Betrouwbaarheidsinterval voor één standaarddeviatie
Een betrouwbaarheidsinterval voor een standaarddeviatie is een bereik van waarden dat waarschijnlijk een standaarddeviatie van de populatie bevat met een bepaald betrouwbaarheidsniveau.
In deze zelfstudie wordt het volgende uitgelegd:
- De motivatie om dit betrouwbaarheidsinterval te creëren.
- De formule om dit betrouwbaarheidsinterval te creëren.
- Een voorbeeld van hoe u dit betrouwbaarheidsinterval kunt berekenen.
- Hoe dit betrouwbaarheidsinterval te interpreteren.
Betrouwbaarheidsinterval voor één standaarddeviatie: motivatie
De reden dat we een betrouwbaarheidsinterval voor een standaarddeviatie creëren, is dat we onze onzekerheid willen vastleggen bij het schatten van een standaarddeviatie van een populatie.
Stel dat we bijvoorbeeld de standaardafwijking van het gewicht van een bepaalde schildpadsoort in Florida willen schatten. Aangezien er duizenden schildpadden in Florida zijn, zou het extreem tijdrovend en duur zijn om elke schildpad afzonderlijk te wegen.
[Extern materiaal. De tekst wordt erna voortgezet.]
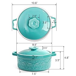 𝐏lease note that this baking dish cannot be used on open flames or induction cooktops, as uneven heating and sudden temperature changes can cause the ceramic to crack. Elsjoy 2 quart vintage embossed casserole dish measures 10.5"D x 4.7"H (lidded). This 2-quart ceramic casserole dish combines vintage charm with modern functionality for everyday cooking. The durable construction ensures reliable performance through years of regular use in any kitchen. 𝐏remium 𝐂eramic: Crafted from premium glazed ceramic that distributes heat evenly for perfect cooking results every time. The lead-free material resists stains and odors while being completely food-safe. Dishwasher, microwave, and oven-safe design makes cleaning and reheating effortlessly convenient. 𝐏ractical 𝐃esign: Featuring an easy-to handle lid and practical size, it's perfectly designed for family meals and special occasions alike. Side handles are ergonomically designed to fit comfortably in the hand, making it a breeze to lift and transport from kitchen to dining table. 𝐄legant 𝐀ppearance: Beautiful turquoise glaze with delicate lace patterning creates a charming vintage aesthetic. Decorative flower-shaped knob on the lid adds a touch of classic elegance to the design. The timeless styling looks equally beautiful during cooking and when served directly at the table.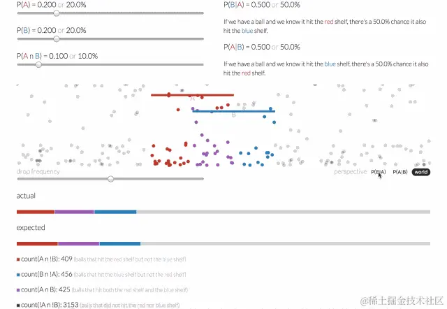 那么给定一个球,它击中了红色架子(A事件),而后击中蓝色架子(B事件)的概率会是多少呢?可以通过给定A的条件概率,即P(B | A)来回答这个问题。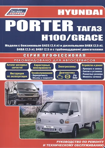 В руководстве дается пошаговое описание процедур по эксплуатации, ремонту и техническому обслуживанию автомобилей HYUNDAI H100, PORTER, GRACE оборудованных дизельными двигателями D4BX (2,5 л), D4BA (2,5 л), D4BF (2,5 л с турбонаддувом) и бензиновым двигателем G4CS (2,4 л). Издание содержит подробные сведения по диагностике, ремонту и регулировке двигателя, элементов систем управления дизельными (ТНВД, турбонаддув) и бензиновым (впрыска топлива MFI, зажигания) двигателями, систем запуска и зарядки, инструкции по использованию систем самодиагностики, в т.ч. АКПП и ABS, и рекомендации по регулировке механических и автоматических коробок передач, регулировке и ремонту элементов тормозной системы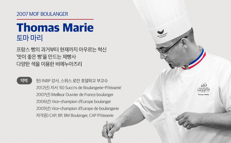 토마 마리(Thomas Marie, 이하 T). 안녕하세요 2007 MOF BOULANGERIE인 토마 마리라고 합니다. 프랑스 제빵학교인 INBP 강사이자, 스위스 로잔 호텔학교에서 부교수직을 맡아 제빵을 가르치고 있습니다.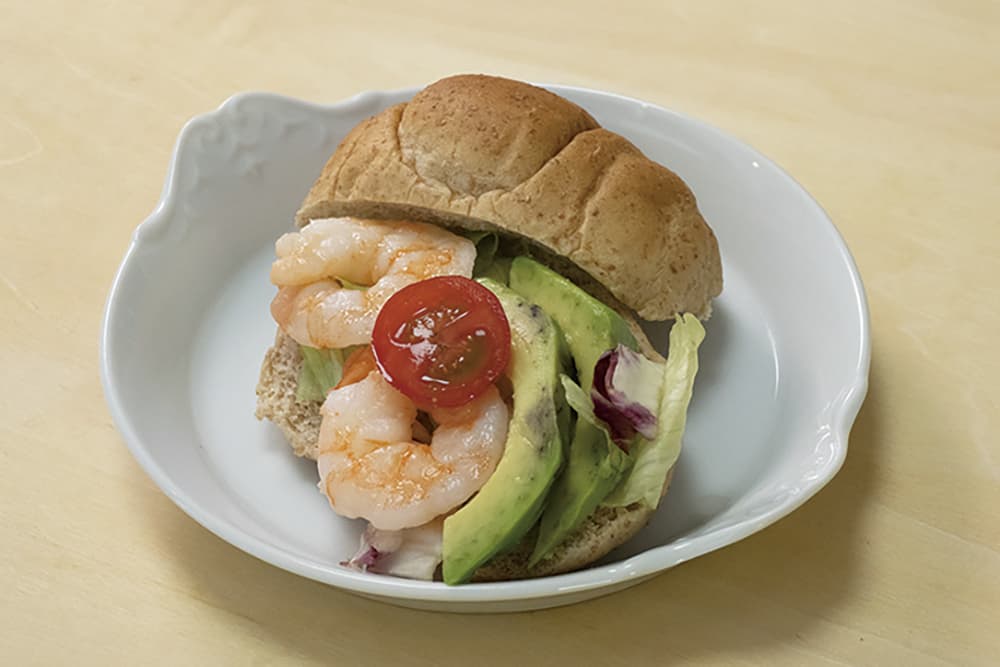 ボイルした海老、アボカド、レタス、ブロッコリー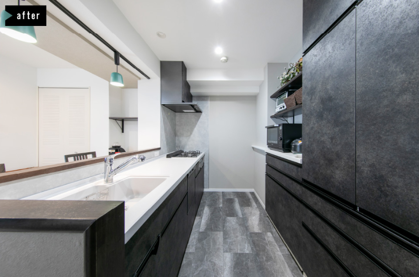 「キッチンのデッドスペースをなくしたい」「収納を多くしたい」そんなご要望から生まれた築30年マンションのフルリフォーム。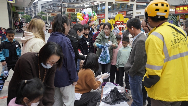 活动现场,艺术与设计学院三位专业教师带领服装设计专业的同学借通过文化与技艺传习的方式,向群众介绍着草木染文化,并示范传授草木染工艺。运用纱、线、绳等工具,对织物进行扎、缚、夹等形式固定后进行染色。经染色,小小的一块方巾白布像变魔术一样产生了奇妙的变化,各式纹样遍布于方巾中。街头群众的兴趣被激发出来,纷纷动手尝试,甚至连“美团小哥”都来围观。在师生们的讲解与指导下,群众纷纷参与到草木染的制作体验中,从扎结、浸水到染色,亲身感受和体验一块块白布在自己的手中变成了绚丽多彩的作品,体验成功的喜悦和快乐,并将一幅幅纹样精美的草木染方巾带回家,将自己亲手体验的文化与技艺成果引进家。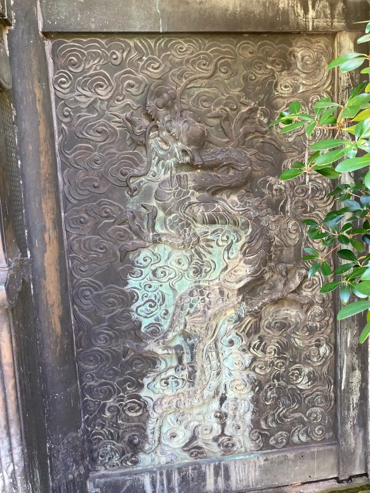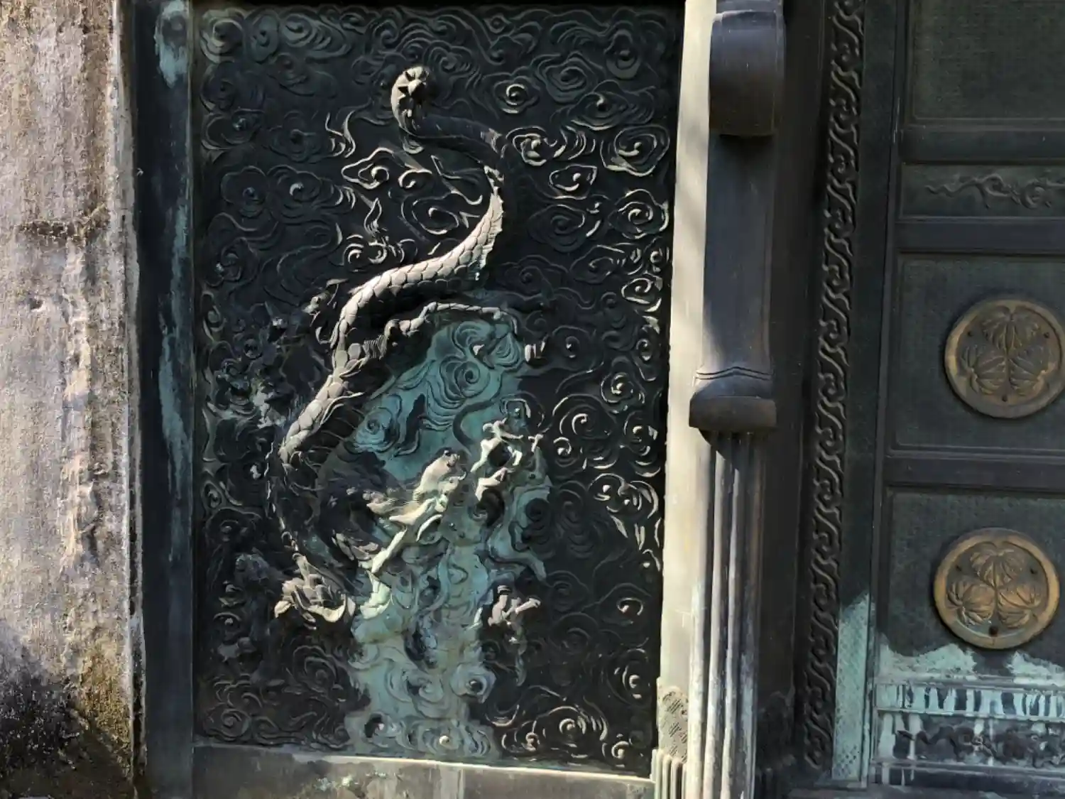 墓所入口に立つ門は6代将軍家宣霊廟の中門だったもの葵紋、昇り龍、下り龍が配されている

In plaats daarvan zouden we een eenvoudige willekeurige steekproef van 50 schildpadden kunnen nemen en de standaardafwijking van het gewicht van de schildpadden in die steekproef kunnen gebruiken om de werkelijke standaardafwijking van de populatie te schatten:
Het probleem is dat het niet gegarandeerd is dat de standaarddeviatie van de steekproef exact overeenkomt met de standaarddeviatie van de gehele populatie. Om deze onzekerheid vast te leggen, kunnen we dus een betrouwbaarheidsinterval creëren dat een reeks waarden bevat die waarschijnlijk de werkelijke standaarddeviatie van de populatie zullen bevatten.
Betrouwbaarheidsinterval voor één standaarddeviatie: formule
We gebruiken de volgende formule om een betrouwbaarheidsinterval voor een gemiddelde te berekenen:
Betrouwbaarheidsinterval = [√(n-1)s 2 /X 2 α/2 , √(n-1)s 2 /X 2 1-α/2 ]
Goud:
- n: steekproefomvang
- s: standaardafwijking van het monster
- X 2 : Kritische waarde van Chi-kwadraat met n-1 vrijheidsgraden.
Betrouwbaarheidsinterval voor een standaarddeviatie: voorbeeld
Stel dat we een willekeurige steekproef van schildpadden verzamelen met de volgende informatie:
- Steekproefomvang n = 27
- Steekproefstandaardafwijking s = 6,43
Zo vindt u verschillende betrouwbaarheidsintervallen voor de werkelijke standaarddeviatie van de populatie:
90% betrouwbaarheidsinterval: [ √ (27-1)*6,43 2 /38,885, √ (27-1)*6,43 2 / 15,379) = [5,258, 8,361]
95% betrouwbaarheidsinterval: [ √ (27-1)*6,43 2 /41,923, √ (27-1)*6,43 2 / 13,844) = [5,064, 8,812]
99% betrouwbaarheidsinterval: [ √ (27-1)*6,43 2 /48,289, √ (27-1)*6,43 2 / 11,160) = [4,718, 9,814]
Opmerking: U kunt deze betrouwbaarheidsintervallen ook vinden met behulp van de Betrouwbaarheidsinterval voor standaarddeviatiecalculator .
Betrouwbaarheidsinterval voor één standaarddeviatie: interpretatie
De manier waarop we een betrouwbaarheidsinterval zouden interpreteren is:
Er is een kans van 95% dat het betrouwbaarheidsinterval van [5,064, 8,812] de werkelijke standaarddeviatie van de populatie bevat.
Een andere manier om hetzelfde te zeggen is dat er slechts een kans van 5% is dat de werkelijke standaarddeviatie van de populatie buiten het betrouwbaarheidsinterval van 95% ligt. Dat wil zeggen dat er slechts een kans van 5% is dat de werkelijke standaarddeviatie van de populatie groter is dan 8.812 of kleiner dan 5.064.